Then, from out of nowhere, the shame. I’d betrayed Jenny with Sasha. Doing it the first night while we were out alone in the jungle was bad enough, but what the hell had I done when we’d fought in the darkness under the bunker? I’d known she was crazy, known she’d killed my goddam friends, and still when our genitals started grinding together my body had decided to participate and what had my brain done to stop it? What did my brain ever do? In my personal list of useless organs, my brain had to be a close second behind appendix.

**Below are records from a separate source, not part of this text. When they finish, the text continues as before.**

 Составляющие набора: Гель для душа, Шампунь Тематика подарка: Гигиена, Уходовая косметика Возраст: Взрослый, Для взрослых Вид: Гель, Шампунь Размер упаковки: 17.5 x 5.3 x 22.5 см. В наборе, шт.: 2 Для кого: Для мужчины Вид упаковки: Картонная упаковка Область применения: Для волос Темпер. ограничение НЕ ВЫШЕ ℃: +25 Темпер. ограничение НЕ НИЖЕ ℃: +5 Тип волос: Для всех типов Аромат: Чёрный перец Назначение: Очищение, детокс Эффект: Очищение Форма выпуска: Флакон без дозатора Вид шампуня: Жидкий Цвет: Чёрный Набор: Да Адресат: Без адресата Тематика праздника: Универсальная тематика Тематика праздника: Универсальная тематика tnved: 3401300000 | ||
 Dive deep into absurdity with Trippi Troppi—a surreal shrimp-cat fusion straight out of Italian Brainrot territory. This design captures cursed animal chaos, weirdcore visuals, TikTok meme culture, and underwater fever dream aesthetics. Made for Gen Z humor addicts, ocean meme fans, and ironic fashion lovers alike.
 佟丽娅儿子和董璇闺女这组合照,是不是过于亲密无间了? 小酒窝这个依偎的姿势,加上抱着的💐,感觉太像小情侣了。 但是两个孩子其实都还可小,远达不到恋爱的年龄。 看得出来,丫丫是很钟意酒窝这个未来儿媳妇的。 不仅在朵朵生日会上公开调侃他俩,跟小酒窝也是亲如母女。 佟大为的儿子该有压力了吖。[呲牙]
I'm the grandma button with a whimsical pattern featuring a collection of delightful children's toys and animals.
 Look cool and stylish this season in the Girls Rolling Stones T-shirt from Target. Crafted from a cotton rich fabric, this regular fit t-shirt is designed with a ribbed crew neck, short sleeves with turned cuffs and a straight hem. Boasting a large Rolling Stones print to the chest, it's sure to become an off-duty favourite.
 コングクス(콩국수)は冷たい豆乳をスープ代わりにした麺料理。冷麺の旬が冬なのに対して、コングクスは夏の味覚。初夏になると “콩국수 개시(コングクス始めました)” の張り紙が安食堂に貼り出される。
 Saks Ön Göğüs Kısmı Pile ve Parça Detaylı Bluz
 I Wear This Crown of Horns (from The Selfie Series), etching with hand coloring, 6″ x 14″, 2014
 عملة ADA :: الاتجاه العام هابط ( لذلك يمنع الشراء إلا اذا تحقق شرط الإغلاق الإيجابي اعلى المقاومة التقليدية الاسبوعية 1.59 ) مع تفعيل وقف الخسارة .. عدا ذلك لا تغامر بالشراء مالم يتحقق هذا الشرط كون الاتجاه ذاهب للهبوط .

Finally came the anger. Snarling, biting, spitting thoughts, targeting my own pathetic weakness and stupidity. But then my screaming thoughts started shouting that I hadn’t killed Val, or Elsa, or the rev. There were forces at work here bigger than me, forces that were playing with my life. I hadn’t voluntarily checked into the Butterfly House, I’d arrived unconscious and handcuffed. And when I’d finally been brave enough to talk about the Butterfly House, people I thought were my friends suddenly got all murdery. The most respected superheroes in the world silently supported this program, dudes like Golden Victory, Anyman, and She-Devil. Big guns. Big heroes. Bigger hypocrites. If they believed in the Butterfly House, why keep it secret? Why kill Val in order to silence her? Because, even if they hadn’t personally killed her, they had to have something to do with her death. It couldn’t be pure coincidence.
I rose, fists clenched. I gave another Tarzan scream, beating my chest. The jungle night had roared with bugs and frogs, but as my voice trailed off it went utterly silent. I breathed heavily, my nostrils flaring. I was going to beat the jungle. Then I was going to single-handedly beat the goddamned Lawful fucking Legion.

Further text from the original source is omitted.